Kwon is an up-and-coming artist who is actively working in many Asian and European countries. She has been participating in art fairs in Hong Kong and Taiwan since 2009. She showcased the very paintings in 2009 at Gana Art Gallery in Pyeongchang-dong, central Seoul. Many Korean critics agreed that there is a high possibility that the Indonesian artist plagiarized her work, as the works are too similar in color and composition, Kwon claimed.

Although Korea, Singapore and Indonesia are all members of the World Intellectual Property Organization which means that artists have copyrights to their work, in most cases it is only possible to call a work plagiarism by winning the case in court, unless the suspected copier admits to it. There is no stipulated criteria to distinguish plagiarism and parody, but what is vaguely agreed is that it is plagiarism if it has similarities with another artwork from the general public’s point of view and if the artist suspected to have copied had access to the original one.

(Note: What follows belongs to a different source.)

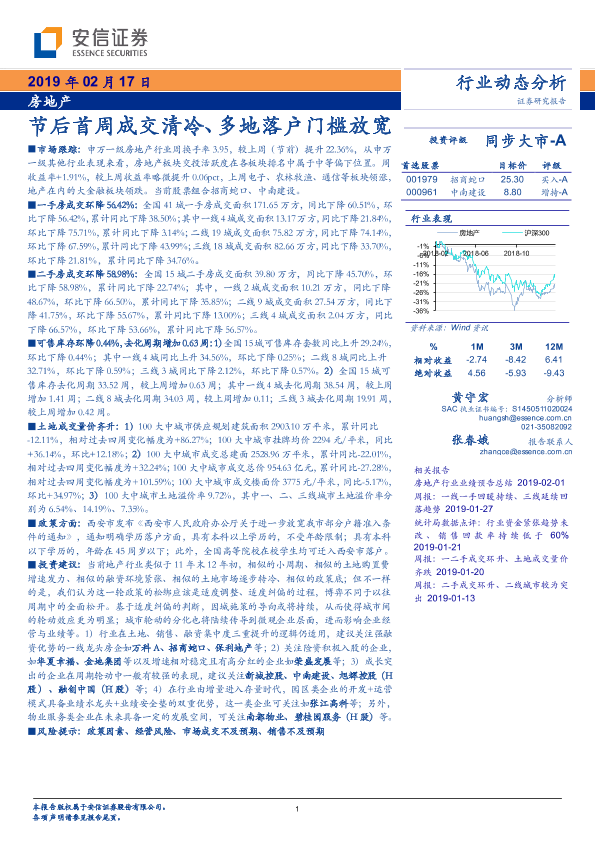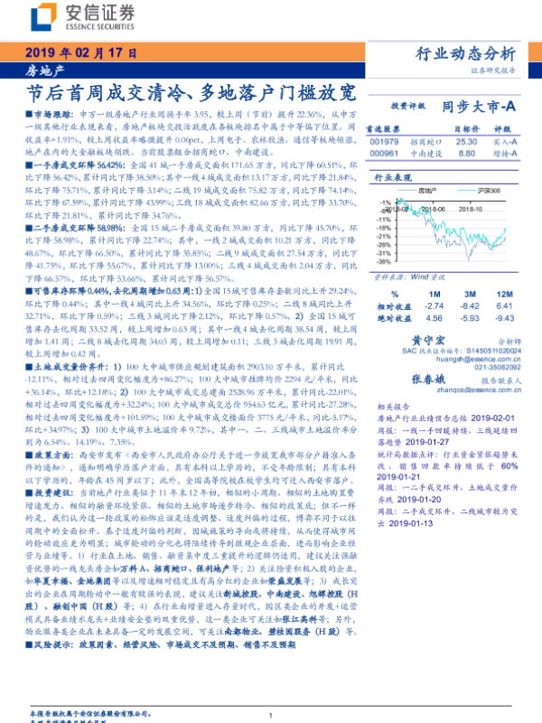 【安信证券】【20190217】节后首周成交清冷、多地落户门槛放宽-10页

Artists, therefore, are reluctant to sue because of the lack of specific standard to distinguish plagiarism and parody, not to mention that lawsuits cost too much. Many, including Kwon, hesitate or give up filing a suit, and numerous art plagiarism controversies all over the world end up as nothing more than a scandal.

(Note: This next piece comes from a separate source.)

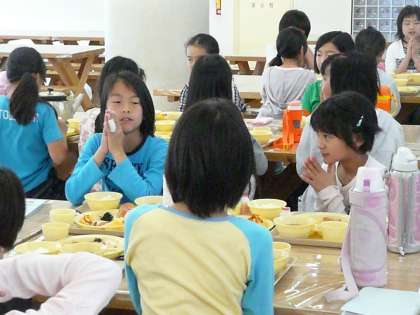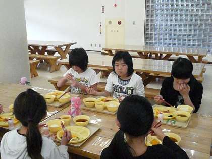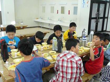 朝食の様子です。ちょっぴり眠たそうな顔も見えますね。

“The best thing would be that the original artist proclaims the rights to the work to the copier and the proclamation gets known in the public so that the copier naturally dies out in the market,” said Kwon.

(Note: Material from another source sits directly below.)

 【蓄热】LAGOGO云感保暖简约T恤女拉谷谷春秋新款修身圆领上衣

Lee Lee-nam, a media artist known for fantasy-like artwork in which Western and Asian masterpieces merge on the screen using high-technology, said that he quit arguing about legal matters.

“If it benefits society in some way, I just decided to let it go. I just concentrate on new creations now,” said Lee, who had argued last year that the Presidential Council of Nation Branding and LG’s ad about global etiquette copied his works in terms of concept and technique.

In the ad, characters from Western and Asian masterpieces meet through computer graphics. LBest, the ad’s creator, had refuted Lee’s assertion saying that it is a universal technique to parody masterpieces.

Critics say that except for starting a tedious lawsuit, there is currently no other way to fight plagiarism in the art world.

“There is no other way than to leave it to the artists’ conscience. We can do nothing but denounce unscrupulous artists,” said art critic Hong Kyoung-han.